Primary tumour cannot be evaluated
46
What is T0 in gastric cancer?
There is no evidence of primary tumour in the stomach
47
What is T1 in gastric cancer?
Carcinoma in situ
48
What is T2 in gastric cancer?
Tumour invading into the muscularis propria/submucosa
49
What is T3 in gastric cancer?
Tumour has penetrated the serosa
50
What is T4 in gastric cancer?
Tumour has invaded organs surrounding the stomach
51
What is Nx in gastric cancer?
Regional lymph nodes cannot be evaluated
52
What is N0 in gastric cancer?
No regional lymphadenopathy
53
What is N1 in gastric cancer?
Regional lymph node involvement (1 or 2 lymph nodes)
54
What is N2 in gastric caner?
Regional lymph node involvement (7-15 lymph nodes)
55
What is N3 in gastric cancer?
Regional lymph node involvement (16+ lymph nodes)
56
What is Mx in gastric cancer?
Distant metastases cannot be evaluated
57
What is M0 in gastric cancer?
No distant metastases
58
What is M1 in gastric cancer?
Distant metastases
59
What is the only significant curative intervention for gastric cancer?
Surgery with laparotomy
60
What is surgery with laparotomy often preceded by in gastric cancer?
Laparoscopic staging
61
What % of patients with gastric cancer are suitable for surgery?
About 50%
62
When might a subtotal gastrectomy be sufficient in gastric cancer?
For antral cancers
63
What is the advantage of a subtotal gastrectomy compared to total?
Fewer complications
64
What is meant by extensive lymphadenectomy in gastric cancer?
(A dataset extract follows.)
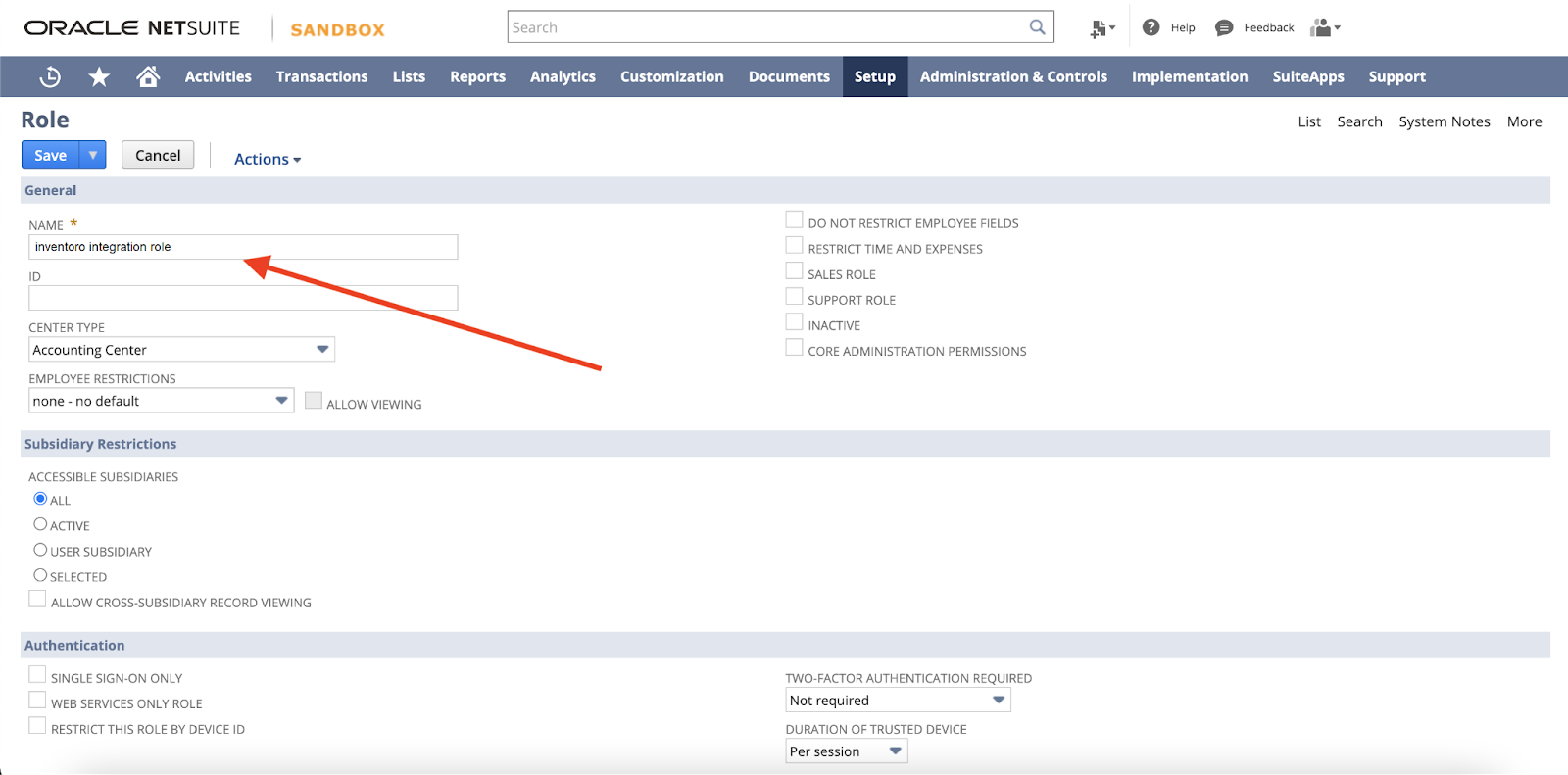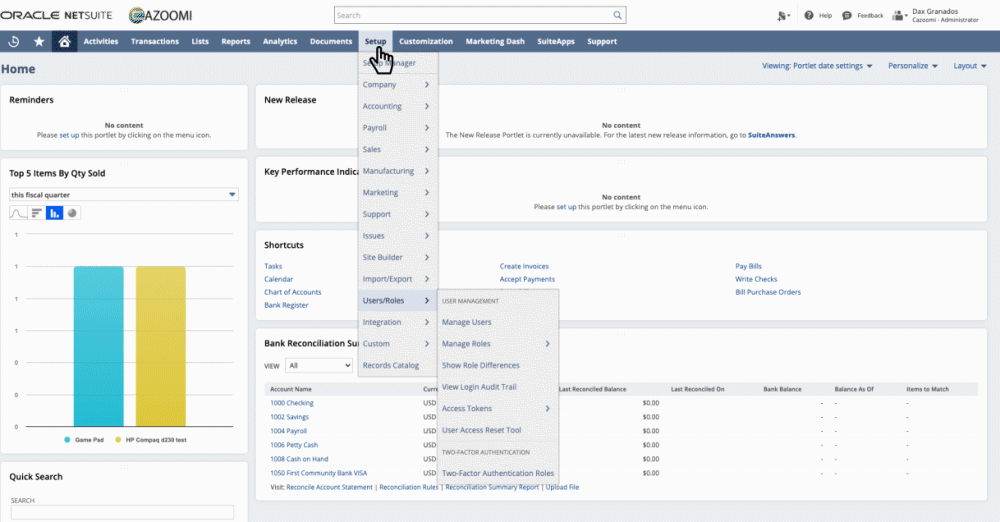 Setup > Users/Roles > Manage Roles > New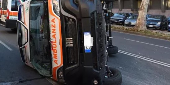 Torino – Paura in centro: ambulanza si scontra con auto e si ribalta

Removing all lymph nodes along the coeliac axis, and hepatic and splenic arteries
65
What is the advantage of extensive lymphadenectomy in gastric cancer?
Allows more accurate staging, and appears to improve survival
66
What treatment do patients with mid-gastric tumours require?
Total gastrectomy
67
What treatment do patients with tumours of the gastro-oesophageal junction require?
Subtotal resection of the oesophagus, in addition to the cardia and gastric fundus
68
What treatment might be curative for early-stage disease?
Endoscopic mucosal resection
69
What is the limitation of surgery in gastric cancer?
There are high relapse rates following surgery, and the benefits of adjuvant chemotherapy aren't great
70
What should patients with relapse of gastric cancer after surgery be considered for?
Clinical trials
71
How effective is adjuvant radiotherapy in the treatment of gastric cancer?
It reduces locoregional relapse, but does not alter survival
72
When might patients with locally advanced gastric cancer become operable?
Following neoadjuvant chemotherapy or chemoradiation
73
How is metastatic gastric cancer treated?
Combination chemotherapy
74
How effective is combination chemotherapy in gastric cancer?
Has a response rate of about 35%, but does not significantly improve survival
75
What should patients with metastatic gastric cancer be considered for?
Clinical trials of new targeted agents and biological therapies
76
What palliative measures can be used in gastric cancer?
- Endoscopic laser treatment | - Rigid or expandable metal stents
77
What is the purpose of endoscopic laser treatment in the palliation of gastric cancer?
Reduce bleeding from intraluminal tumours
78
What is the purpose of stents in the palliation of gastric cancer?
They can relieve dysphagia due to tumours of the oesophagogastric junction and cardia of the stomach
79
What % of patients with gastric cancer in the UK present with advanced disease?
More than 50%
80
What is the 5 year survival from gastric cancer in patients under 50?
16-22%
81
What is the 5 year survival from gastric cancer in patients over 70?
5-12%
82
What is the median survival from gastric cancer for patients with advanced local disease or metastatic disease at presentation?